## WORK TO BE COMPLETED
Retype each line of the material exactly, please, skipping any picture in it.
==============================
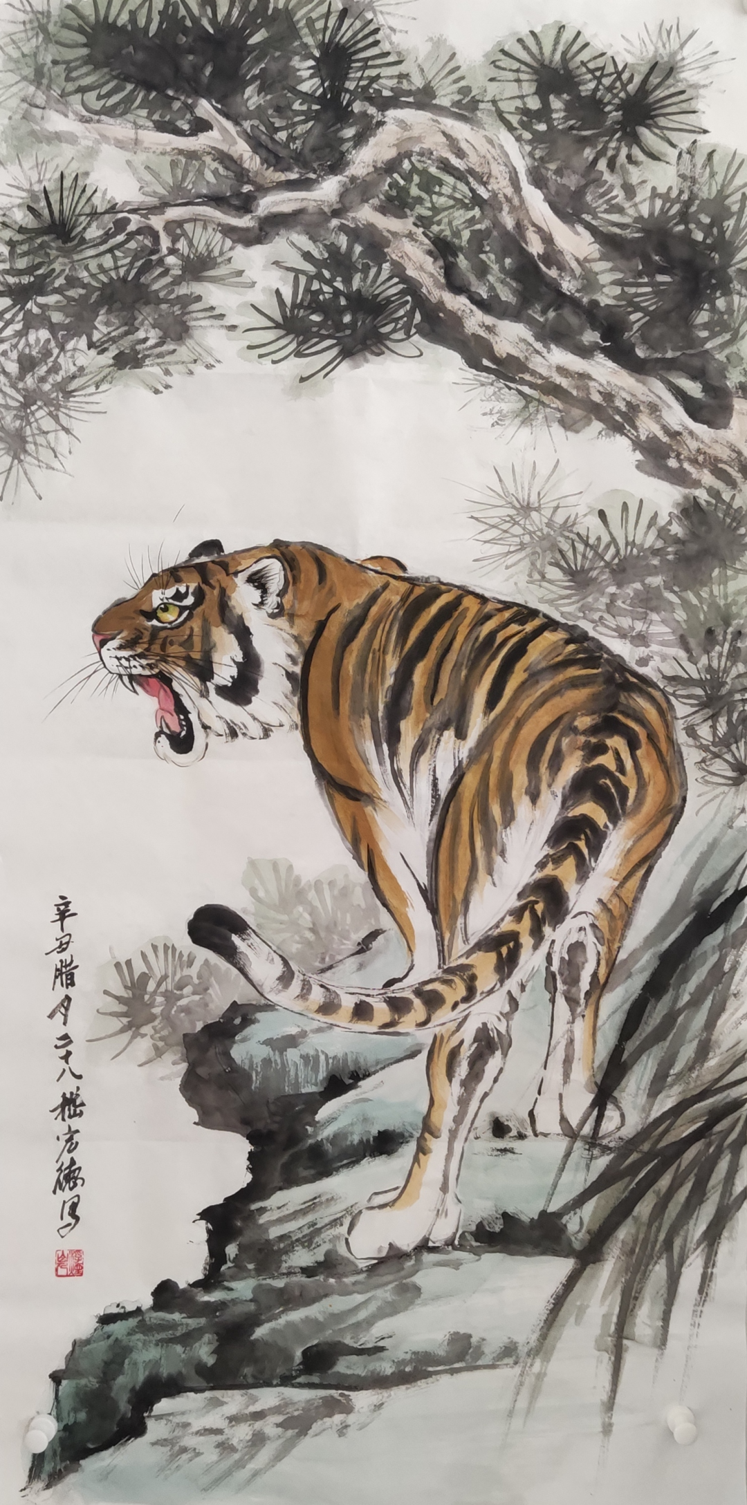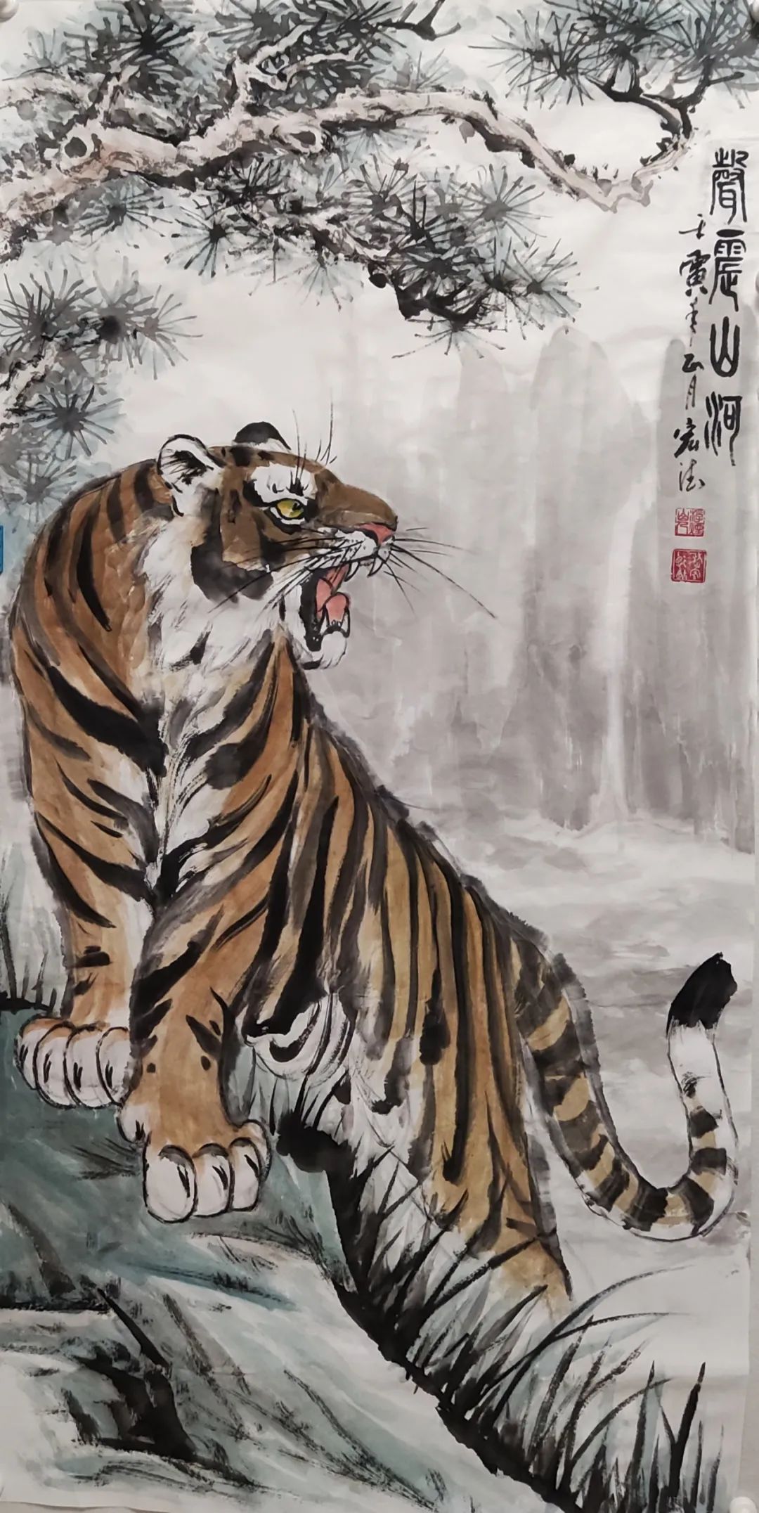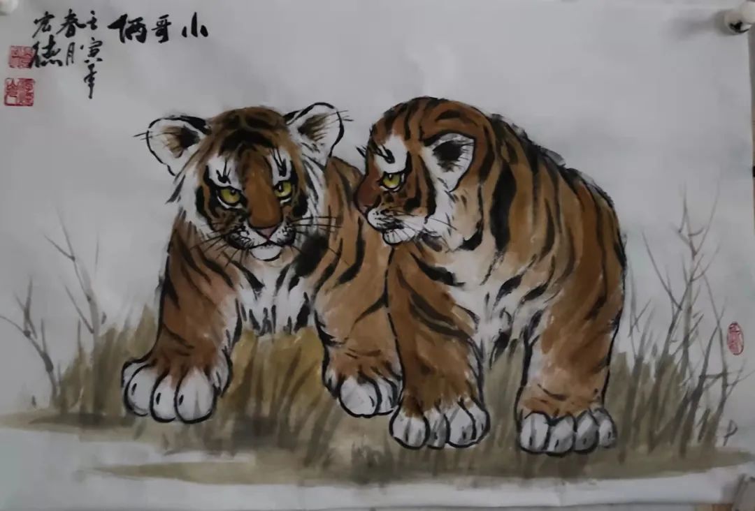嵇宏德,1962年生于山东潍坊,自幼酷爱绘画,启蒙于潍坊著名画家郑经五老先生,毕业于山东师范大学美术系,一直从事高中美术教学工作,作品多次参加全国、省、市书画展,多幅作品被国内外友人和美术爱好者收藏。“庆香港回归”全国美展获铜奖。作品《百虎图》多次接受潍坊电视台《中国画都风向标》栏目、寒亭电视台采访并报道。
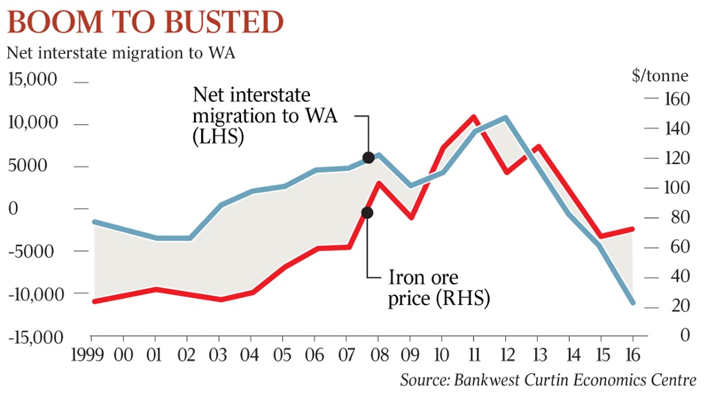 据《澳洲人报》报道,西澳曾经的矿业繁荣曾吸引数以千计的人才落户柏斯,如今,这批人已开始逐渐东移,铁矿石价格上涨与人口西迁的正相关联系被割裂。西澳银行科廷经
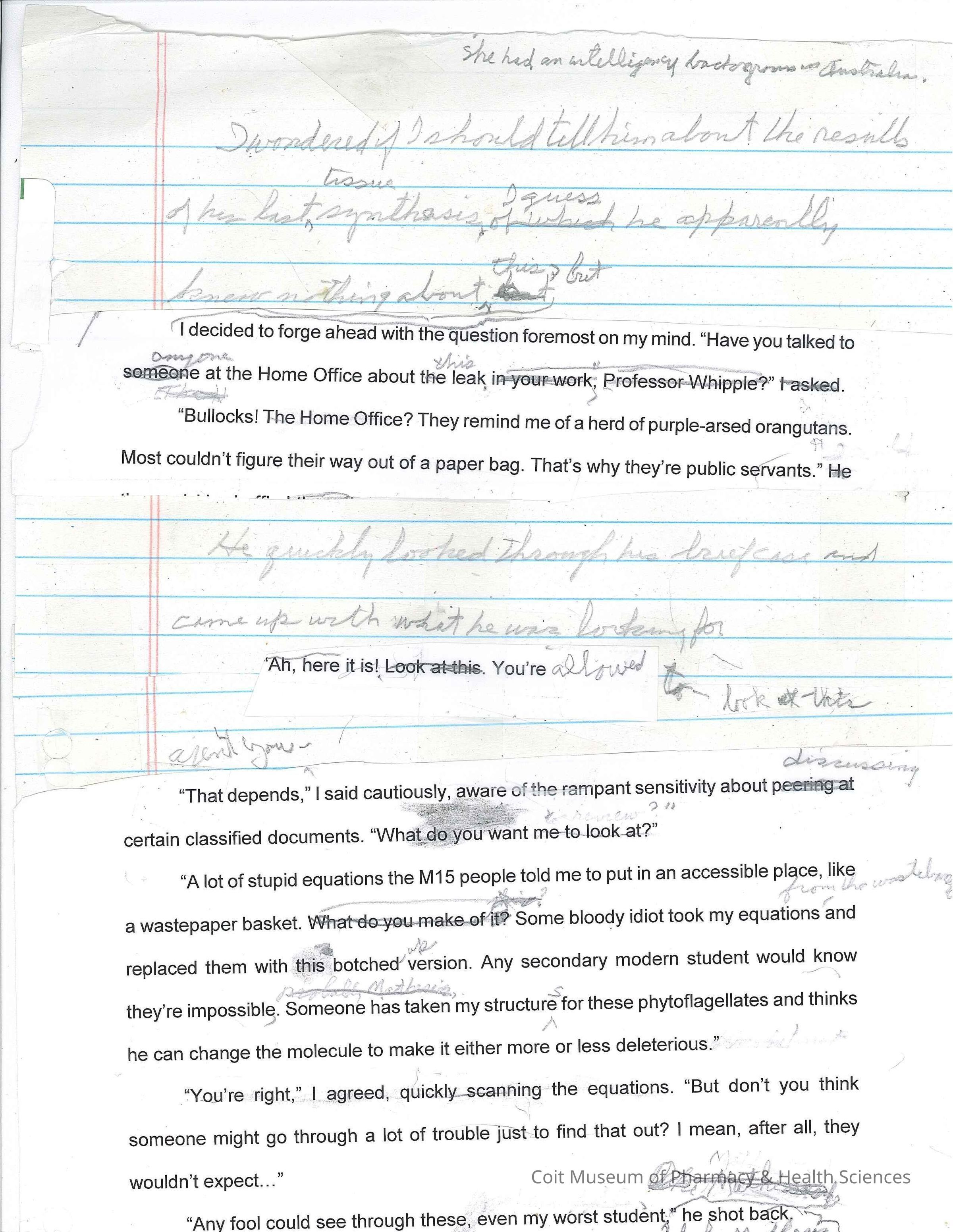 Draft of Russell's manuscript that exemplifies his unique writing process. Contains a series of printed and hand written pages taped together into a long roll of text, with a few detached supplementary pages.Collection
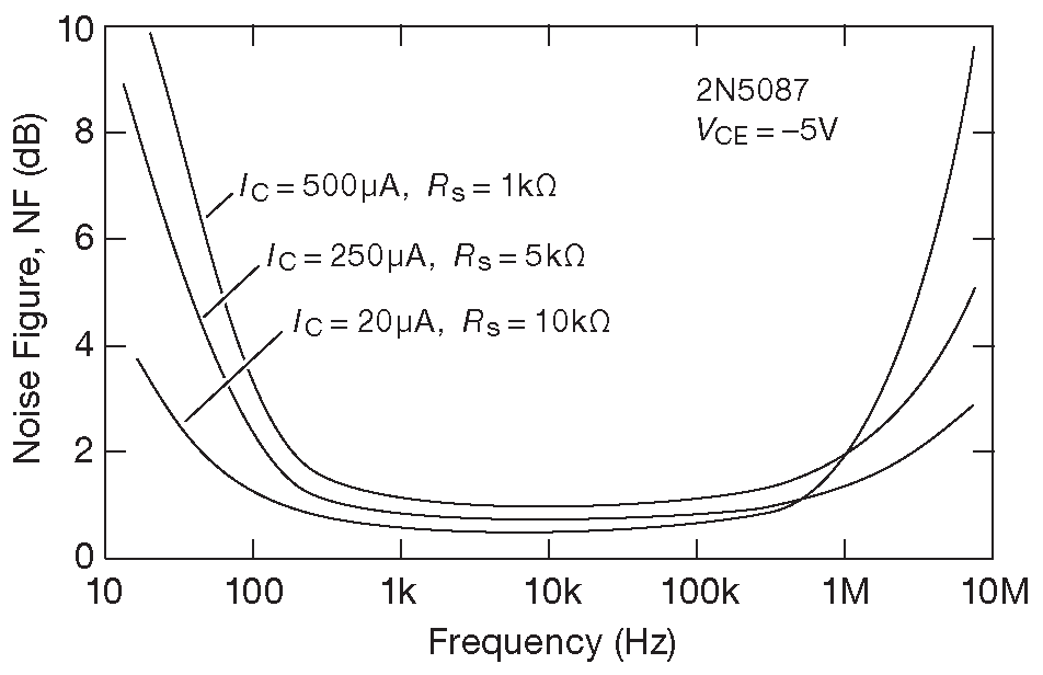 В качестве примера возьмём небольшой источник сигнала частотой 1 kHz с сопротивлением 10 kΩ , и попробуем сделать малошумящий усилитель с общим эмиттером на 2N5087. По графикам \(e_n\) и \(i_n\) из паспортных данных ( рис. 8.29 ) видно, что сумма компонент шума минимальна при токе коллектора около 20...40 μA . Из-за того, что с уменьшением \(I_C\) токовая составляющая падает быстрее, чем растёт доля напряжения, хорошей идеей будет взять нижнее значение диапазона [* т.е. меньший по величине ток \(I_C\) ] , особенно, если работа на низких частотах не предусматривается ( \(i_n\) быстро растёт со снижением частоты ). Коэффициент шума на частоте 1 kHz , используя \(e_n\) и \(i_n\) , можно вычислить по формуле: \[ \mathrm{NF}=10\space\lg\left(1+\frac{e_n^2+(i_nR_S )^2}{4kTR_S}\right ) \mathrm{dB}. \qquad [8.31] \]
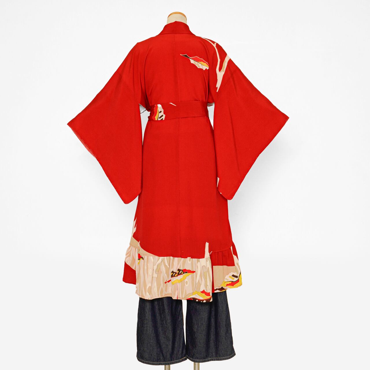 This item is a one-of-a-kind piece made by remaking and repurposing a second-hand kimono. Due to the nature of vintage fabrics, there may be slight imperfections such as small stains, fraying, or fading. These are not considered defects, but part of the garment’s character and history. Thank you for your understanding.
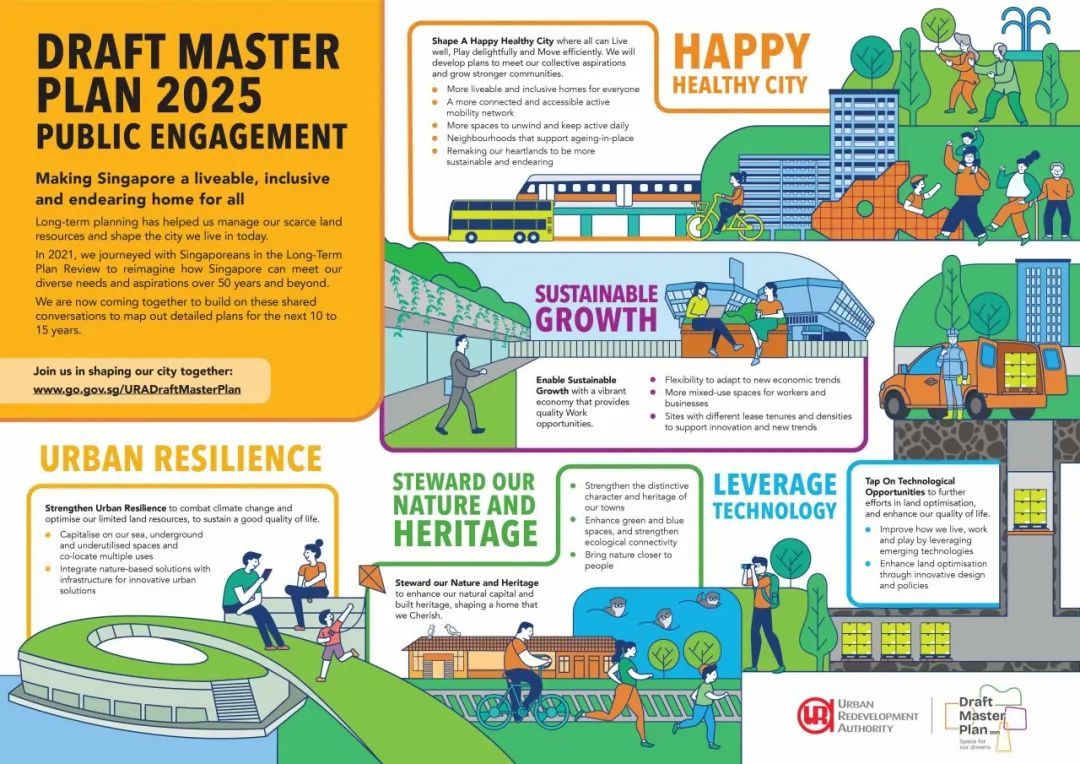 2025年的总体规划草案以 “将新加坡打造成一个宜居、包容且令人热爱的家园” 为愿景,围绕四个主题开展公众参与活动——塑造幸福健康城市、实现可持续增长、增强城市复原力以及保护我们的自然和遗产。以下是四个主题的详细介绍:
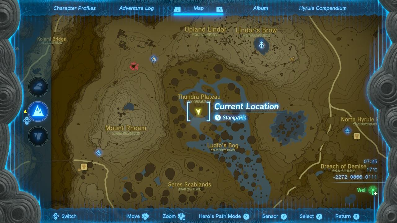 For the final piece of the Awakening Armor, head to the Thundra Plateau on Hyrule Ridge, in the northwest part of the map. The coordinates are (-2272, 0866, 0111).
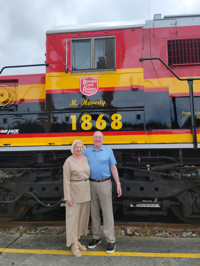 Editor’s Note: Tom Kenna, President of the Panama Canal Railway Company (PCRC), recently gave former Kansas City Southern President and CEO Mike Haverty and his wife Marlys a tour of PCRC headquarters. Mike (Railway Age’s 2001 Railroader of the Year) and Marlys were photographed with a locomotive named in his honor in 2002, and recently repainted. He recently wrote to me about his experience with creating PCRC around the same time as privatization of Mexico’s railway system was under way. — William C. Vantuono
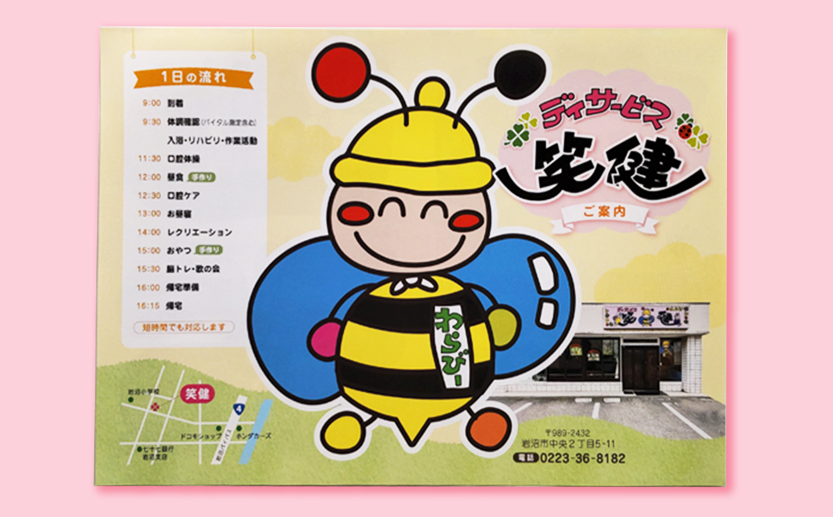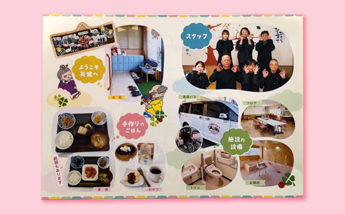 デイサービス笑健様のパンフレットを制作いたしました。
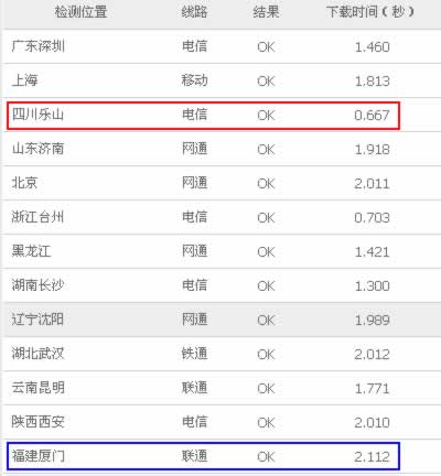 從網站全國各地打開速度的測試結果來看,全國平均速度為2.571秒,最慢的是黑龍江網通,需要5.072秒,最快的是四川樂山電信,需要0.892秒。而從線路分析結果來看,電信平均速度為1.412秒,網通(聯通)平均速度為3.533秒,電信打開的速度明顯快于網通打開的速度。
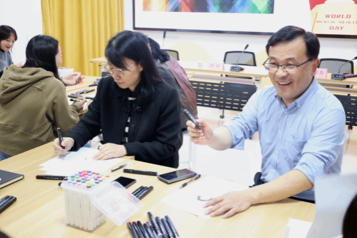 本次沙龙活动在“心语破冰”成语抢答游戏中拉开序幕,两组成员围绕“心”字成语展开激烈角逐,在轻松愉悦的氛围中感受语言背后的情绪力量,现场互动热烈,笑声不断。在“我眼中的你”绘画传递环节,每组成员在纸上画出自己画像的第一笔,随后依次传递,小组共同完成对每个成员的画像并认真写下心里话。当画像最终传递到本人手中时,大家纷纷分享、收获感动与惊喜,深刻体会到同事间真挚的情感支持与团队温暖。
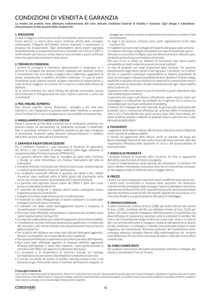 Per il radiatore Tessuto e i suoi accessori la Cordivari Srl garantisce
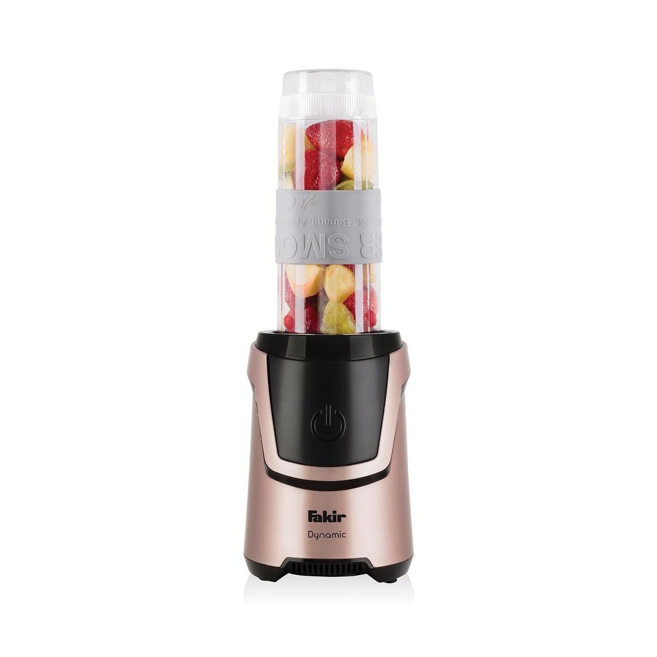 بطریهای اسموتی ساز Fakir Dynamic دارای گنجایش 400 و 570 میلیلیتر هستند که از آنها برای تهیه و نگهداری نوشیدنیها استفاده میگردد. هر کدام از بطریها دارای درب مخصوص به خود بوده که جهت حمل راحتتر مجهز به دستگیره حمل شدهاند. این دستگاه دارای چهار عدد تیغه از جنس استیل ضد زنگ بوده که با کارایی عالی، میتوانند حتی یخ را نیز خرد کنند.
==============================
## REPLY
嵇宏德,1962年生于山东潍坊,自幼酷爱绘画,启蒙于潍坊著名画家郑经五老先生,毕业于山东师范大学美术系,一直从事高中美术教学工作,作品多次参加全国、省、市书画展,多幅作品被国内外友人和美术爱好者收藏。“庆香港回归”全国美展获铜奖。作品《百虎图》多次接受潍坊电视台《中国画都风向标》栏目、寒亭电视台采访并报道。
 据《澳洲人报》报道,西澳曾经的矿业繁荣曾吸引数以千计的人才落户柏斯,如今,这批人已开始逐渐东移,铁矿石价格上涨与人口西迁的正相关联系被割裂。西澳银行科廷经
 Draft of Russell's manuscript that exemplifies his unique writing process. Contains a series of printed and hand written pages taped together into a long roll of text, with a few detached supplementary pages.Collection
 В качестве примера возьмём небольшой источник сигнала частотой 1 kHz с сопротивлением 10 kΩ , и попробуем сделать малошумящий усилитель с общим эмиттером на 2N5087. По графикам \(e_n\) и \(i_n\) из паспортных данных ( рис. 8.29 ) видно, что сумма компонент шума минимальна при токе коллектора около 20...40 μA . Из-за того, что с уменьшением \(I_C\) токовая составляющая падает быстрее, чем растёт доля напряжения, хорошей идеей будет взять нижнее значение диапазона [* т.е. меньший по величине ток \(I_C\) ] , особенно, если работа на низких частотах не предусматривается ( \(i_n\) быстро растёт со снижением частоты ). Коэффициент шума на частоте 1 kHz , используя \(e_n\) и \(i_n\) , можно вычислить по формуле: \[ \mathrm{NF}=10\space\lg\left(1+\frac{e_n^2+(i_nR_S )^2}{4kTR_S}\right ) \mathrm{dB}. \qquad [8.31] \]
 This item is a one-of-a-kind piece made by remaking and repurposing a second-hand kimono. Due to the nature of vintage fabrics, there may be slight imperfections such as small stains, fraying, or fading. These are not considered defects, but part of the garment’s character and history. Thank you for your understanding.
 2025年的总体规划草案以 “将新加坡打造成一个宜居、包容且令人热爱的家园” 为愿景,围绕四个主题开展公众参与活动——塑造幸福健康城市、实现可持续增长、增强城市复原力以及保护我们的自然和遗产。以下是四个主题的详细介绍:
 For the final piece of the Awakening Armor, head to the Thundra Plateau on Hyrule Ridge, in the northwest part of the map. The coordinates are (-2272, 0866, 0111).
 Editor’s Note: Tom Kenna, President of the Panama Canal Railway Company (PCRC), recently gave former Kansas City Southern President and CEO Mike Haverty and his wife Marlys a tour of PCRC headquarters. Mike (Railway Age’s 2001 Railroader of the Year) and Marlys were photographed with a locomotive named in his honor in 2002, and recently repainted. He recently wrote to me about his experience with creating PCRC around the same time as privatization of Mexico’s railway system was under way. — William C. Vantuono
 デイサービス笑健様のパンフレットを制作いたしました。
 從網站全國各地打開速度的測試結果來看,全國平均速度為2.571秒,最慢的是黑龍江網通,需要5.072秒,最快的是四川樂山電信,需要0.892秒。而從線路分析結果來看,電信平均速度為1.412秒,網通(聯通)平均速度為3.533秒,電信打開的速度明顯快于網通打開的速度。
 本次沙龙活动在“心语破冰”成语抢答游戏中拉开序幕,两组成员围绕“心”字成语展开激烈角逐,在轻松愉悦的氛围中感受语言背后的情绪力量,现场互动热烈,笑声不断。在“我眼中的你”绘画传递环节,每组成员在纸上画出自己画像的第一笔,随后依次传递,小组共同完成对每个成员的画像并认真写下心里话。当画像最终传递到本人手中时,大家纷纷分享、收获感动与惊喜,深刻体会到同事间真挚的情感支持与团队温暖。
 Per il radiatore Tessuto e i suoi accessori la Cordivari Srl garantisce
 بطریهای اسموتی ساز Fakir Dynamic دارای گنجایش 400 و 570 میلیلیتر هستند که از آنها برای تهیه و نگهداری نوشیدنیها استفاده میگردد. هر کدام از بطریها دارای درب مخصوص به خود بوده که جهت حمل راحتتر مجهز به دستگیره حمل شدهاند. این دستگاه دارای چهار عدد تیغه از جنس استیل ضد زنگ بوده که با کارایی عالی، میتوانند حتی یخ را نیز خرد کنند.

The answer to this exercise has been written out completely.